Parent Notebook pass parameters to child notebook

run()

dbutils.notebook.run()

run(path: String, timeoutSeconds: int, arguments: Map): String -> This method runs a notebook and returns its exit value

The dbutils.notebook.run() function allows you to run another notebook from your current notebook. It also allows you to pass parameters to the called child notebook and capture the result of the execution.

  • notebook_path: The path to the notebook you want to run. This can be a relative or absolute path.
  • timeout_seconds: How long to wait before timing out. If the notebook does not complete within this time, an error will occur.

    In other words, if the notebook completes before the timeout, it proceeds as normal, returning the result. However, if the notebook exceeds the specified timeout duration, the notebook run is terminated, and an error is raised.

  • arguments: A dictionary of parameters to pass to the called notebook.

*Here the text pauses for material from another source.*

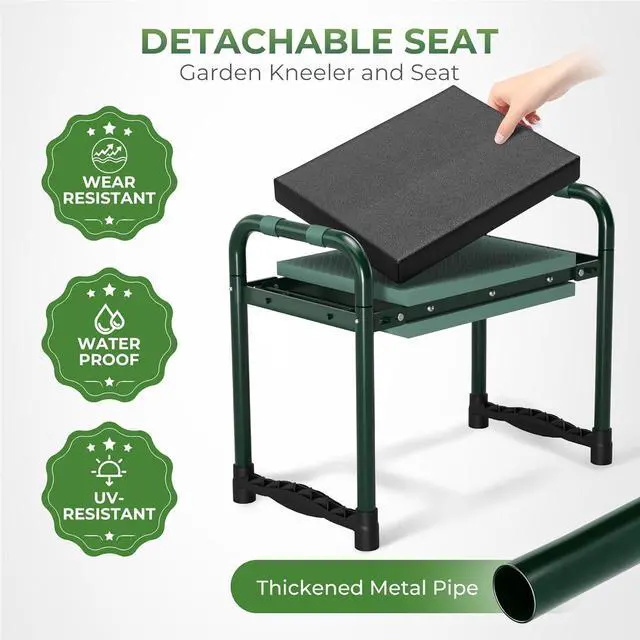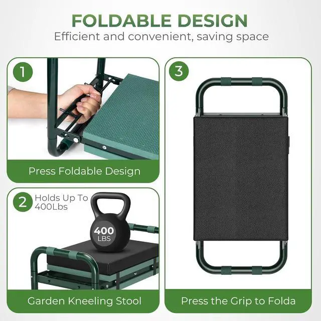 Sturdy Steel Frame & Excellent Weight Capacity; Sturdy Steel Frame & Excellent Weight CapacityEngineered for durability, this heavy-duty garden kneeler and seat features a reinforced steel frame that supports up to 400 lbs, far exceeding standard garden stools for gardening. The sturdy garden kneeling bench with handles provides essential support for kneeling down and standing up safely, making it an ideal kneeling device for gardening for those with knee or back concerns.
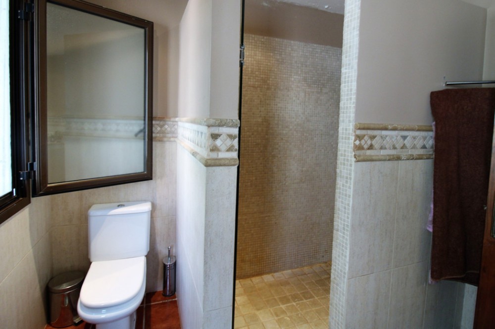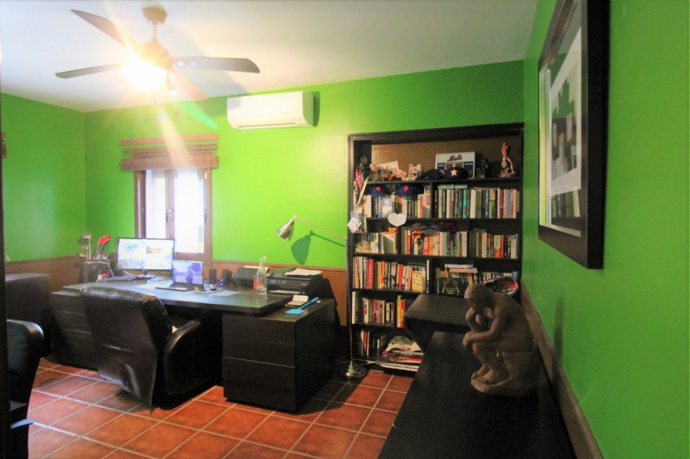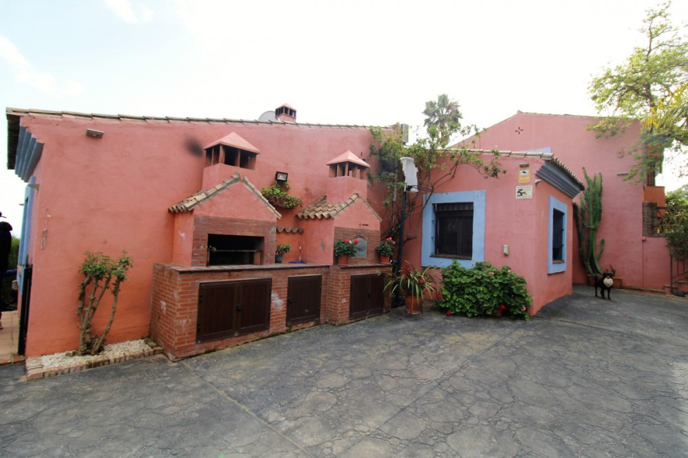 - Fantastic villa in Forest Hills with 600m built on a 1000m plot. This villa is characterized by its incredible panoramic views facing south and its large land full of fruit trees and planted with different plants and vegetables, areas with picnic areas, garden with saltwater pool and a large entrance with space for more than one car. leisure with built-in barbecues and stone ovens. The villa consists of two floors and a basement. On the upper floor we find two bedrooms, one of them with a built-in dressing room and the main room with access to a south-facing terrace. We found a bathroom with Jacuzzi and an extra dressing room. The first floor consists of 2 offices, 2 bedrooms, 3 bathrooms, 1 gym, 1 laundry room, large fully equipped kitchen with dining room and exit to the outside with dining terrace, large living room with access to another covered terrace and the garden. On the underground floor (120m) we find a large yoga and pilates room, reception and consultation or office plus 1 bathroom. (It can be renovated and create a separate apartment as it has a separate entrance) The villa has a privileged location, surrounded by vegetation, nature, waterfalls and a river. Perfect for outdoor sports and 15 minutes from the beach and Estepona. It has two independent entrances/exits and has solar panels.

The called notebook can access these parameters via dbutils.widgets.get().
Parent notebooks
# Define parameters to pass to the child notebook
params = {
  "param1": "value1",
  "param2": "value2"
}


# Run the child notebook and capture its result

result =
dbutils.notebook.run("/Users/your-email@domain.com/child_notebook",
60, params)

 
# Print the result returned from the child notebook

print(f"Child notebook result:
{result}")


Parent notebook calls/runs his child notebook in python only, cannot use SQL

In the child notebook, you can retrieve the passed parameters using dbutils.widgets.get():

Child notebook
param1 = dbutils.widgets.get("param1")
param2 = dbutils.widgets.get("param2")

print(f"Received param1: {param1}")
print(f"Received param2: {param2}")

#SQL

— Use the widget values in a query
SELECT * FROM my_table WHERE column1 = ‘${getArgument(‘param1′)}’ AND column2 = ‘${getArgument(‘param2′)}’;

Child notebook returns values to parent notebook

When parent notebook run/call a child notebook using dbutils.notebook.run(), the child notebook can return a single value (usually a string) using dbutils.notebook.exit() return value to parent notebook. The parent notebook can capture this return value for further processing.

Key Points:

  • The value returned by dbutils.notebook.exit() must be a string.
  • The parent notebook captures this return value when calling dbutils.notebook.run().

exit()

dbutils.notebook.help() get help.

dbutils.notebook.exit(value: String): void 

dbutils.notebook.exit() Exit a notebook with a result.

The dbutils.notebook.exit() function is used to terminate the execution of a notebook and return a value to the calling notebook.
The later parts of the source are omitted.